In recent years, new energy-production techniques have attracted attention from the standpoint of environmental issues, and among these techniques a fuel cell has attracted particular interest. The fuel cell converts chemical energy to electric energy through electrochemical reaction of hydrogen and oxygen, attaining high energy utilization efficiency. Therefore, extensive studies have been carried out on realization of fuel cells for public use, industrial use, automobile use, etc.
Fuel cells are categorized in accordance with the type of employed electrolyte, and, among others, a phosphate type, a fused carbonate salt type, a solid oxide type, and a solid polymer type have been known. With regard to hydrogen sources, studies have been conducted on methanol; liquefied natural gas predominantly containing methane; city gas predominantly containing the natural gas; a synthetic liquid fuel produced from natural gas serving as a raw material; and petroleum-derived hydrocarbons such as LPG, naphtha, and kerosene.
Among the aforementioned petroleum-derived hydrocarbons, kerosene is easy to store and handle, and infrastructure of a supply system for kerosene is well developed (e.g., gas stations and shops). Thus, kerosene would advantageously serve as a hydrogen source for use in fuel cells for public use, automobile use, etc.
However, as compared with methanol and natural gas, petroleum-derived hydrocarbons problematically have a high sulfur content. In order to produce hydrogen from petroleum-derived hydrocarbons, the hydrocarbons are generally subjected to steam reforming or partial oxidation reforming in the presence of a reforming catalyst. In the course of such reformation, the reforming catalyst is poisoned by sulfur contained in the hydrocarbons. Therefore, from the viewpoint of catalyst life, the hydrocarbons are essentially subjected to desulfurization so as to control the sulfur content to generally 0.2 ppm by weight or lower.
Conventionally, a variety of studies have been carried out on methods for desulfurizing petroleum-derived hydrocarbons. Among them, one known method is hydro-desulfurization by use of a hydro-desulfurization catalyst such as Co-Mo/alumina or Ni-Mo/alumina and a hydrogen sulfide adsorbent such as ZnO, the hydro-desulfurization being effected under normal pressure to 5 MPa and at 200-400° C. However, the above method is directed to removal of sulfur by transformation into hydrogen sulfide through hydro-desulfurization performed under rigorous conditions, and controlling the sulfur content to 0.2 ppm by weight or lower is difficult. Thus, application of the method to desulfurizing petroleum-derived hydrocarbons for use in fuel cells is not encouraged.

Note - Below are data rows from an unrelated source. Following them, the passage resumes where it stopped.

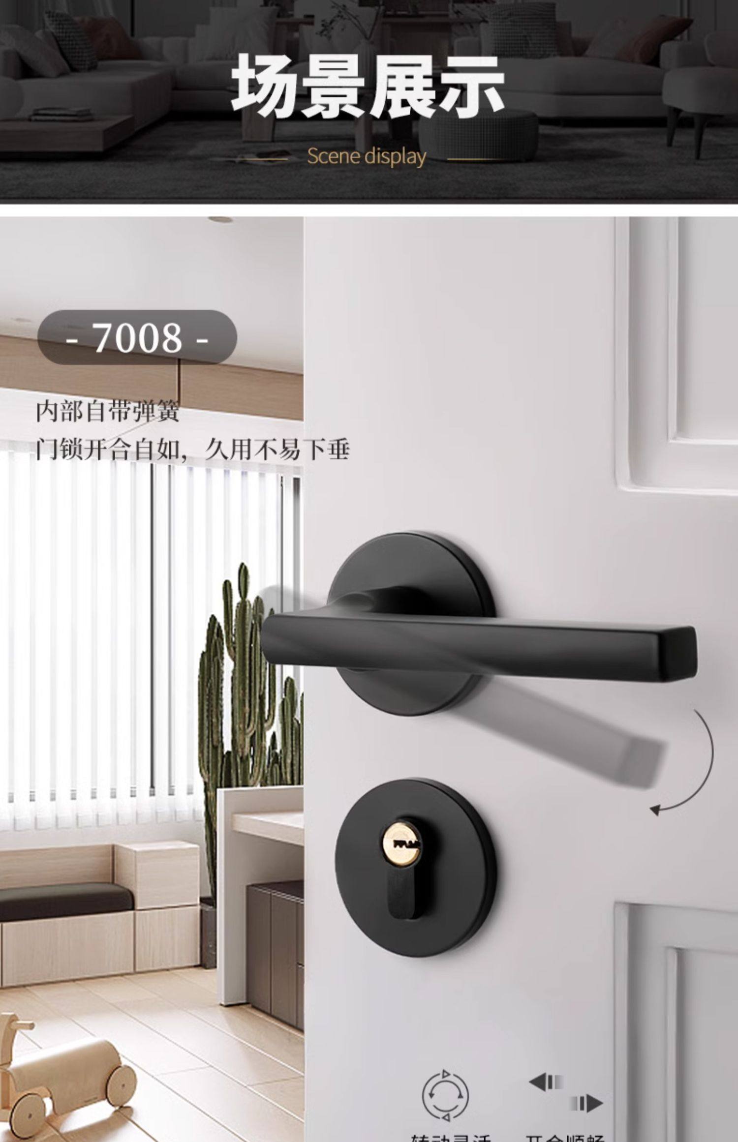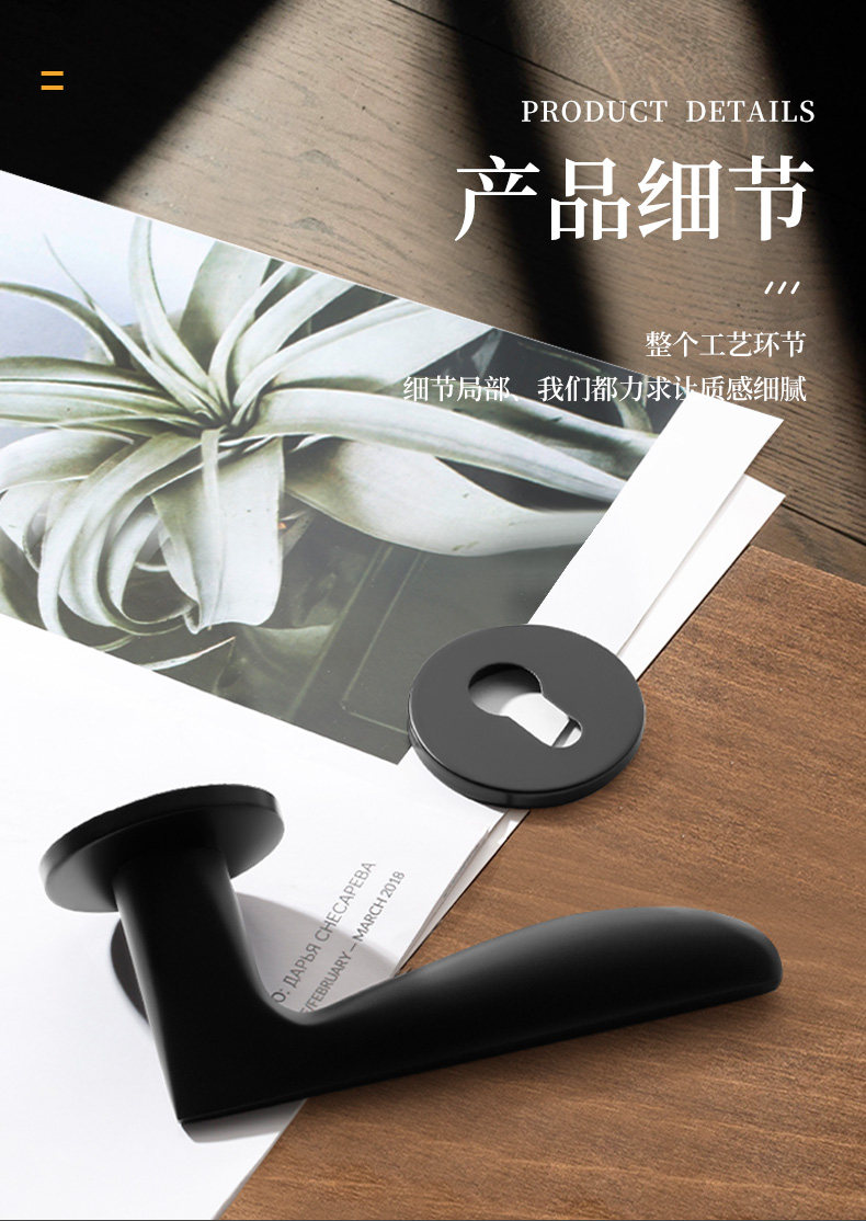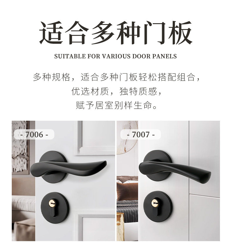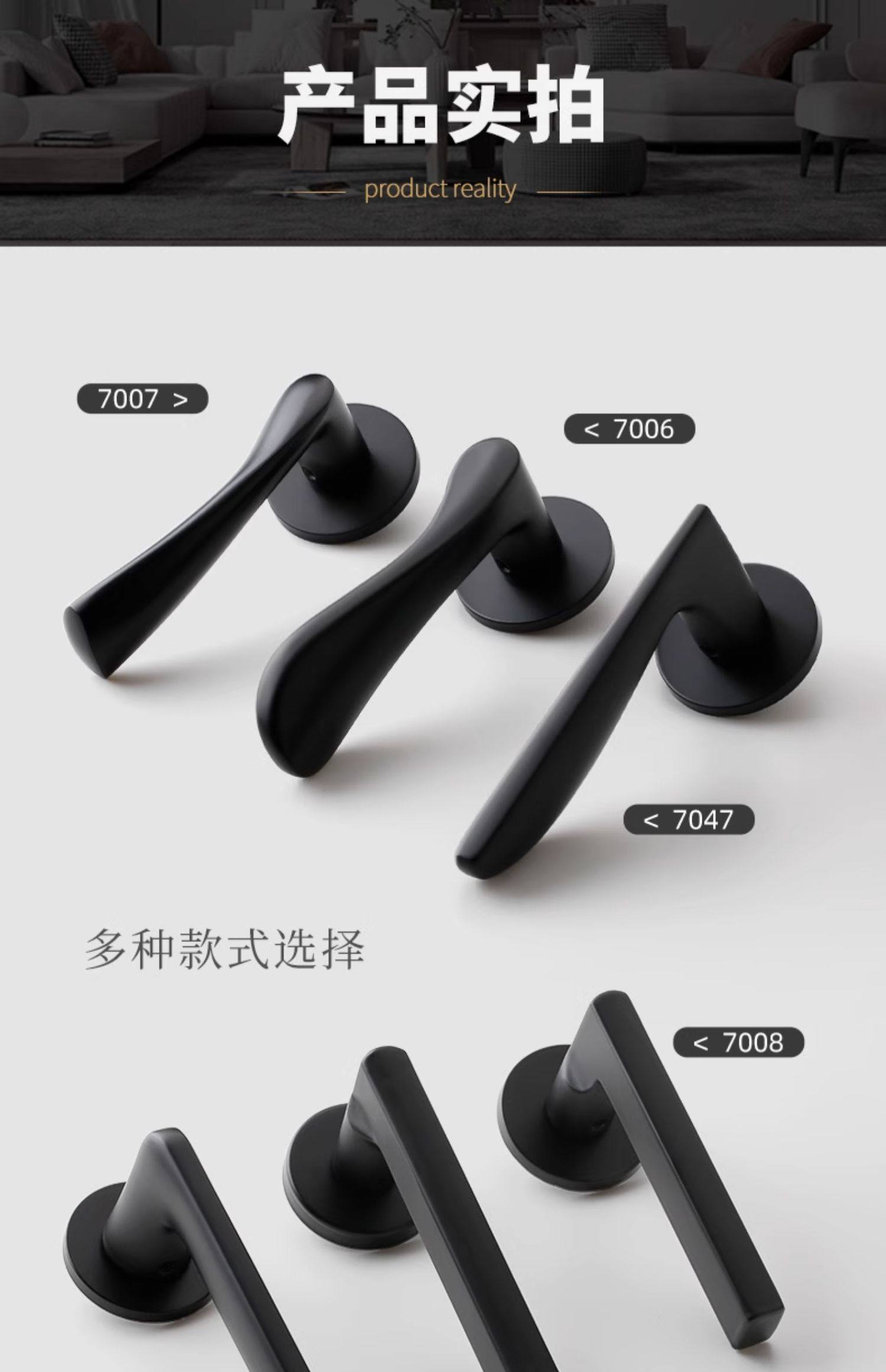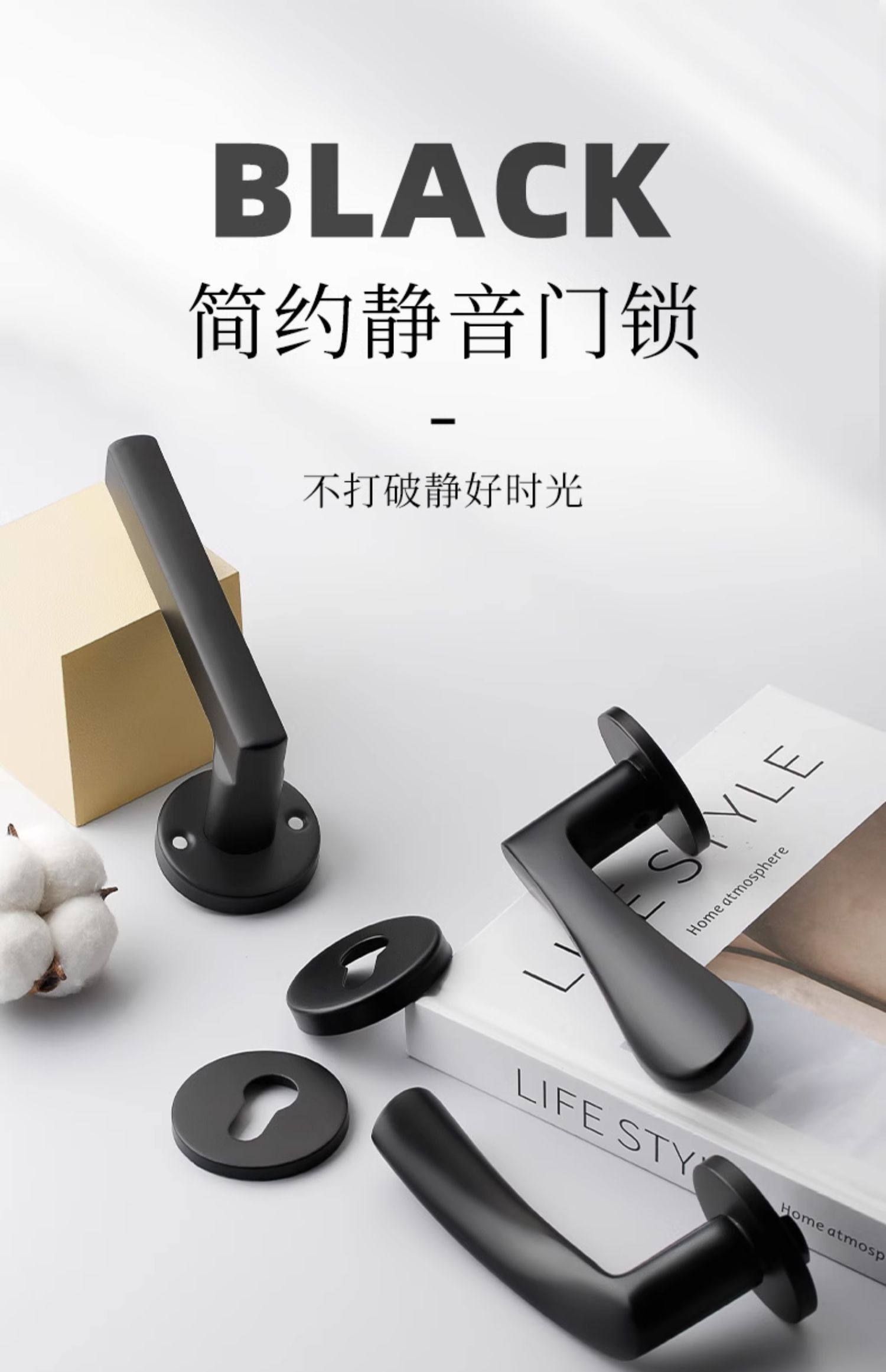 Black Modern Minimalist Indoor Home Door Lock Bedroom Solid Wood Door Split Lock Room Silent Lock Universal Lock
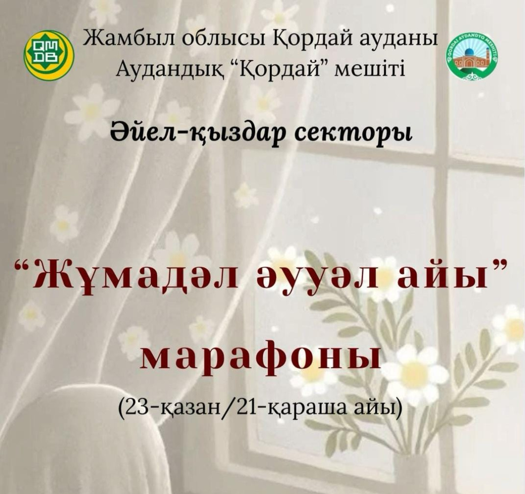 Жамбыл облысы, Қордай ауданы әйел-қыздар секторының жетекшісі Эльмира Аманқожақызының ұйымдастыруымен Рамазан айына дайындық ретінде «Жұмадал әууәл» марафоны бастау алды. Қыз-келіншектер арасында жүзеге асып жатқан бұл игі бастамада күн сайын түрлі рухани әрі ізгі істерге бағытталған тапсырмалар беріледі. Барша қатысушы нәзік жандылардың амалдары қабыл болып, ниеттері берік, имандары кемел болғай!
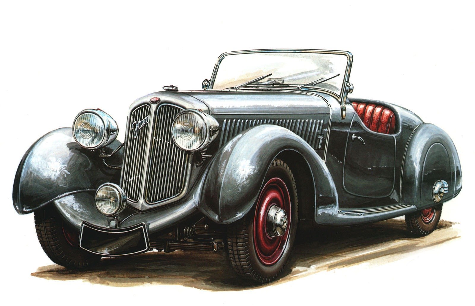 White Alfa Romeo against the wall with a picture of a steam locomotive

From another viewpoint, there have been known nickel-based adsorbents and nickel-copper-based adsorbents serving as desulfurizing agents which can remove sulfur contained in petroleum-derived hydrocarbons through adsorption under mild conditions, without performing hydrorefining, thereby controlling the sulfur content to 0.2 ppm by weight or lower [Japanese Patent Publication (kokoku) Nos. 6-65602, 7-115842, and 7-115843 and Japanese Patent Application Laid-Open (kokai) Nos. 1-188405, 2-275701, 2-204301, 5-70780, 6-80972, 6-91173, and 6-228570 (nickel adsorbents), and Japanese Patent Application Laid-Open (kokai) No. 6-315628 (nickel-copper adsorbent)].
These nickel-based adsorbents and nickel-copper-based adsorbents are advantageously applied, as desulfurizing agents, to petroleum-derived hydrocarbons for use in fuel cells. However, the service life of these adsorbents is still unsatisfactory for use in practice, and conditions for designing adsorbents suitable for desulfurizing petroleum-derived hydrocarbon have not yet been elucidated. Particularly, the above nickel-copper-based adsorbents exhibit unsatisfactory performance for effective desulfurization.